La Chine ne prête pas aux pays pauvres, une étude souligne.
L’État chinois a injecté 2200 milliards de dollars hors de ses frontières depuis 2000, dont près de la moitié a été dirigée vers des pays riches. L’Union européenne a reçu 161 milliards de dollars, dont 21 milliards pour la France et près de deux milliards pour la Belgique.
Une étude récemment publiée dévoile comment la Chine, en tant que premier créancier mondial, a orienté ses prêts vers les pays riches et les technologies sensibles au cours des deux dernières décennies. Ces chiffres proviennent d’AidData, un laboratoire de recherche de l’université William & Mary en Virginie, qui se spécialise dans le suivi des dépenses gouvernementales à l’étranger. Pendant quatre ans, ce centre a collaboré avec 120 chercheurs pour créer le premier cadastre des investissements chinois soutenus par Pékin à travers le monde.
Des chiffres qui bouleversent plusieurs idées sur les investissements chinois
L’État chinois a injecté 2200 milliards de dollars en dehors de ses frontières depuis 2000. Ce montant est deux à quatre fois supérieur aux estimations antérieures. Une surprise majeure révélée par ce cadastre est que près de la moitié de ces fonds a été allouée à des pays riches.
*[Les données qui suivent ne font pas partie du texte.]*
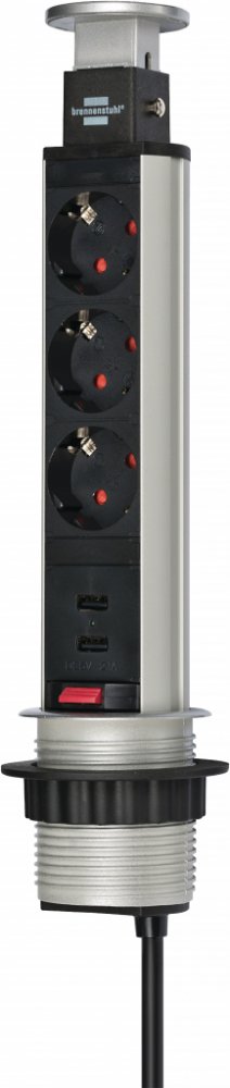 Zásuvková lišta s ochranným kontaktem a 3 ks s 2 USB konektory, 2 m dlouhý kabel H05VV-F 3G1,5, výkyvné stolní zásuvka·Stolní zásuvka USB s elegantním a odolnému hliníkovému pouzdru se zobrazením funkce·Inovativní pevnou montáž -stolní zásuvka pro flexibilní pracovišti rozmístění ve deska stolu vytahovací, zapadne decentně povrchu stolu·S dětskou pojistkou: plastové destičky uzavření kontakty zásu...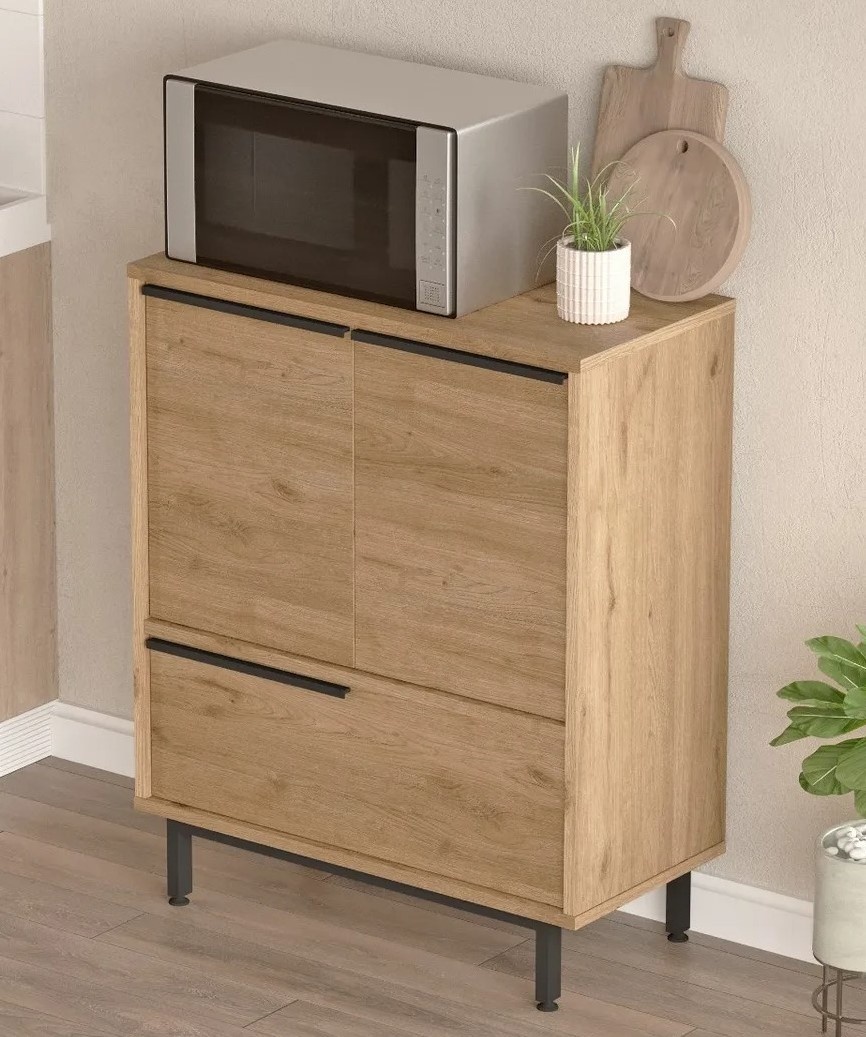 Fabricat din panouri de particule acoperite cu 100% melamina, acest Comoda este construit pentru a dura. Constructia sa robusta asigura o durabilitate de lunga durata, permitandu-va sa va bucurati de beneficiile sale pentru multi ani de acum Incolo. Spuneti adio solutiilor de depozitare subrede si nesigure si investiti Intr-un produs care rezista cu adevarat la testul timpului.

Contrairement à l’idée selon laquelle la Chine financerait principalement des pays en développement, des pays comme les États-Unis, le Royaume-Uni, l’Allemagne, la France, l’Australie et les Pays-Bas ont été les principaux bénéficiaires de ces investissements.
Cela est d’autant plus ironique que les États-Unis dénoncent le piège de la dette chinoise tout en étant le premier emprunteur de Pékin, avec plus de 200 milliards de dollars. Ces prêts ont permis de financer des projets comme des terminaux à l’aéroport JFK, des gazoducs au Texas, des centres de données en Virginie et même des entreprises emblématiques telles qu’Amazon, Tesla et Boeing.
L’Europe également : la Chine lui accorde d’importants prêts
L’Union européenne a reçu 161 milliards de dollars, dont 21 milliards pour la France et près de deux milliards pour la Belgique. Des projets comme le parc éolien en mer de Saint-Nazaire ont bénéficié de financements chinois, tout comme Nexperia, un spécialiste néerlandais des semi-conducteurs.
Le Royaume-Uni et le Portugal ont été particulièrement gâtés par les prêts publics chinois. Ces fonds ne se limitent pas à des infrastructures traditionnelles mais touchent également des actifs stratégiques. À titre de comparaison, les prêts accordés dans le cadre des Nouvelles Routes de la Soie ne représentent qu’environ 20 % du total.
Pourquoi Pékin investit-il autant dans les marchés occidentaux ?
L’intérêt est clairement stratégique : le plan « Made in China 2025 », lancé il y a dix ans, a pour objectif de dominer dix industries clés, notamment la robotique, les véhicules électriques et les semi-conducteurs d’ici la fin de la décennie.
Pour atteindre cet objectif, Pékin finance des acquisitions à l’étranger afin de rapatrier des technologies critiques. Grâce à un contrôle serré des banques et des capitaux, la Chine dispose d’une capacité d’intervention que aucun autre pays développé n’a. Elle peut prêter rapidement, en grande quantité et parfois de manière opaque, par le biais de consortiums internationaux, de sociétés écrans ou de circuits offshore. Ces investissements lui permettent de recycler l’excédent d’épargne chinoise dans des marchés stables ou des entreprises internationales en quête de liquidités, telles que Tesla, Boeing, Airbus ou Michelin. Certaines économies occidentales, touchées par la crise de 2008 ou la pandémie de Covid-19, ont parfois vu dans l’argent chinois une solution pour financer des infrastructures ou renflouer leurs entreprises. Par exemple, le port du Pirée à Athènes est désormais sous contrôle chinois.
Bien que l’ampleur de ce revirement soit surprenante, les chercheurs tempèrent les tentatives d’interprétations géopolitiques systématiques.
Le directeur d’AidData, dans une tribune publiée par The Economist, indique : « Tous ces prêts ne servent pas nécessairement un grand dessein géopolitique« . Cependant, leur impact est indéniable. Ils financent des infrastructures cruciales, renforcent la présence chinoise dans des secteurs stratégiques et établissent des dépendances invisibles.